A Will enables you to specify beneficiaries for any assets that aren’t already encompassed in your Trust or determined by beneficiary designations. In an ideal scenario, your Trust would cover all your assets. However, if an asset is inadvertently omitted from your Trust, a Will ensures that this overlooked asset is “poured over” into the Trust, making sure it aligns with the Trust’s stipulations regarding asset distribution and management.

Without a Trust, it’s your Will that stipulates who inherits your assets, which occurs through the court’s probate procedure. Your Will can also guide any philanthropic contributions you wish to make, and if needed, can establish a Trust upon your passing – for example, if an heir is incapacitated when you die.

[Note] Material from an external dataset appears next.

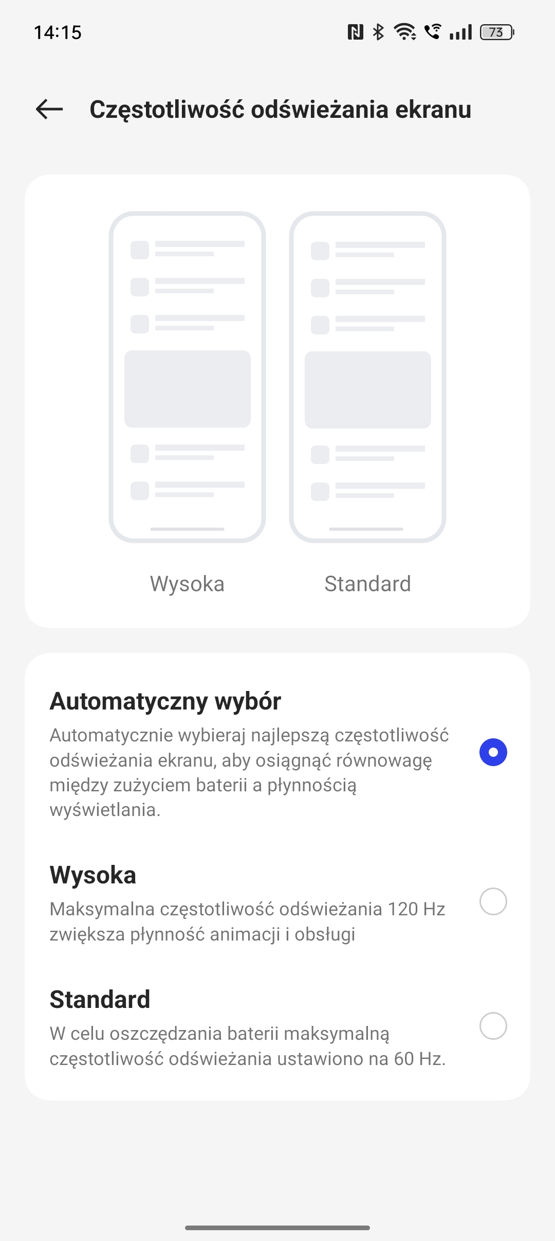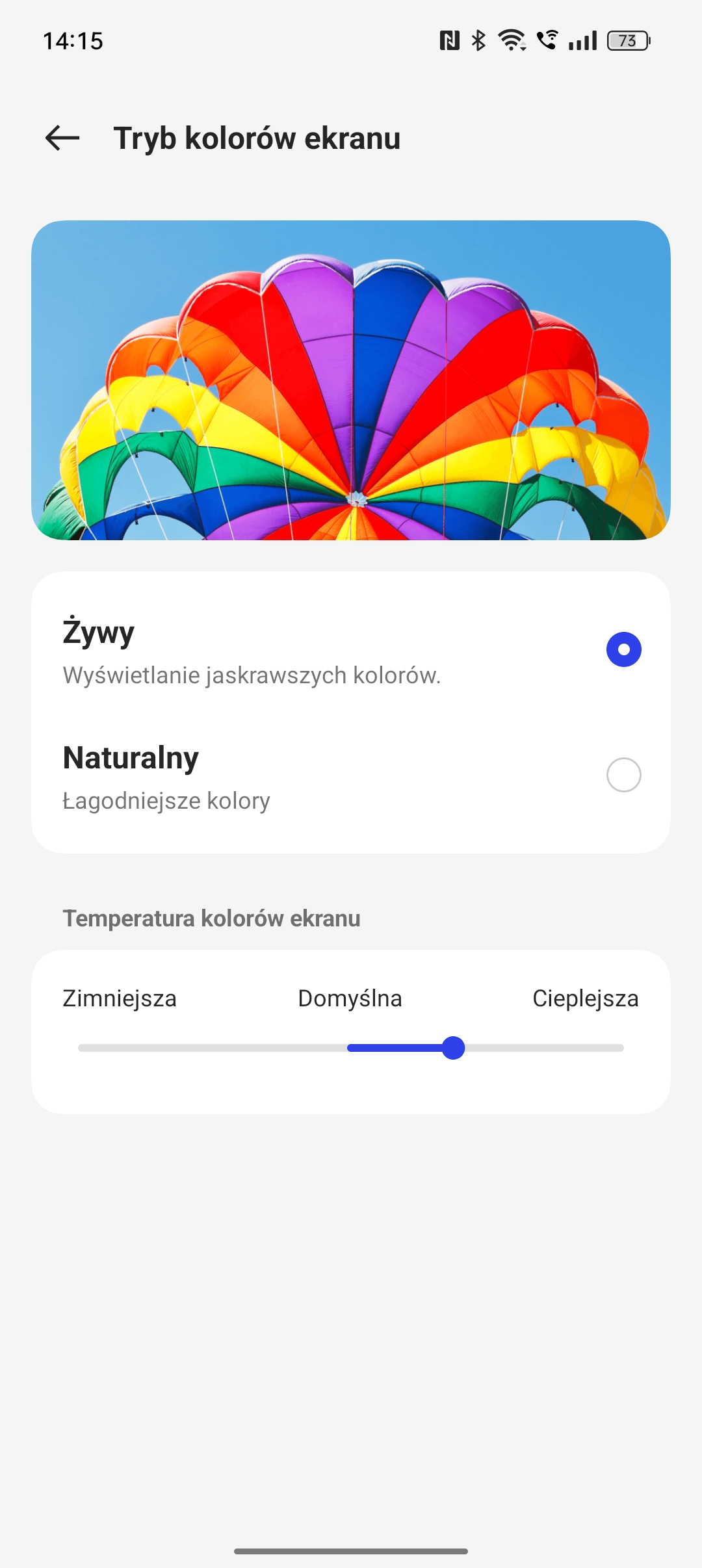 Rozdzielczość ekranu wynosi 1080 x 2412, co przy przekątnej 6,7″ daje gęstość 394 ppi. Odświeżanie to standard: dostępny jest tryb adaptacyjny do 120 Hz (automatyczny wybór pomiędzy 60, 90 i 120 Hz) oraz dwa tryby zwykłe, 120 i 60 Hz. Podczas testów pozostawiłem ustawienie adaptacyjne, zupełnie wystarczające w praktyce. Reprodukcja kolorów stoi na dobrym poziomie. Dostępne są dwa tryby wyświetlania, standardowy odpowiadający sRGB i żywy odpowiadający DCI-P3. Z tego ostatniego korzystałem podczas testów, lekko ocieplając biel za pomocą suwaka temperatury barwowej – takie ustawienie uważam za optymalne.

While you might believe a Will is unnecessary due to limited assets or other estate planning measures in place, having a Will as a safeguard or “pour-over” mechanism is crucial for comprehensive estate planning. Additionally, based on state regulations and potential offspring, your assets might not be allocated as you desire in the absence of a Will. Thus, drafting one (or revising an existing one) is a wise move, especially after marriage.

06 | Legal Guardians for Your Minor Children

Lastly, if you or your spouse have young children from a previous relationship, or if you’re considering starting a family, it’s imperative to choose and legally record guardians for them. Guardians are individuals appointed by law to look after your children should you or your spouse pass away or become unable to care for them.

To ensure your children aren’t ever left with unfamiliar individuals, even momentarily, it’s essential to designate both long-term and temporary guardians for them. This ensures someone you trust always has the right to be by your children’s side, whether in brief emergencies or more extended circumstances.

It’s a misconception to believe that merely designating godparents or having grandparents close by grants them automatic rights to care for your children in your absence. The only way to guarantee that your children are looked after by the individuals you prefer is to legally specify guardians. Failing to do so might lead to unnecessary disputes among family members and possibly a lengthy, costly legal battle for those left behind.

Planning for a Lifetime of Happiness

If you’ve recently tied the knot or are about to, I wholeheartedly wish you endless joy in this new chapter of your life. I genuinely aim to assist you in safeguarding the dreams and future you’re weaving with your partner. As the wedding festivities wind down, it’s an optimal moment to lay down an estate plan for your budding family. Arguably, this might be the most pivotal time to do so.

It’s a common misconception that adversities like incapacitation or death are distant concerns for newlyweds. Yet, life’s unpredictability spares no one. Should any unforeseen misfortune befall you or your spouse, the absence of an estate plan could have even more severe implications than for couples in the twilight of their marriage.

Regardless of where you stand in your romantic journey, I’m here to ensure that your spouse and family remain safeguarded now and for the foreseeable future. Through our Life & Legacy Planning Session, I promise to navigate you compassionately through the vital estate planning inquiries and choices that resonate with your values and prioritize your family’s welfare.

Here’s to a very happy ever after.


This material was created for educational and informational purposes only and is not intended as ERISA, tax, legal, or investment advice. If you are seeking legal advice specific to your needs, such advice services must be obtained on your own separate from this educational material.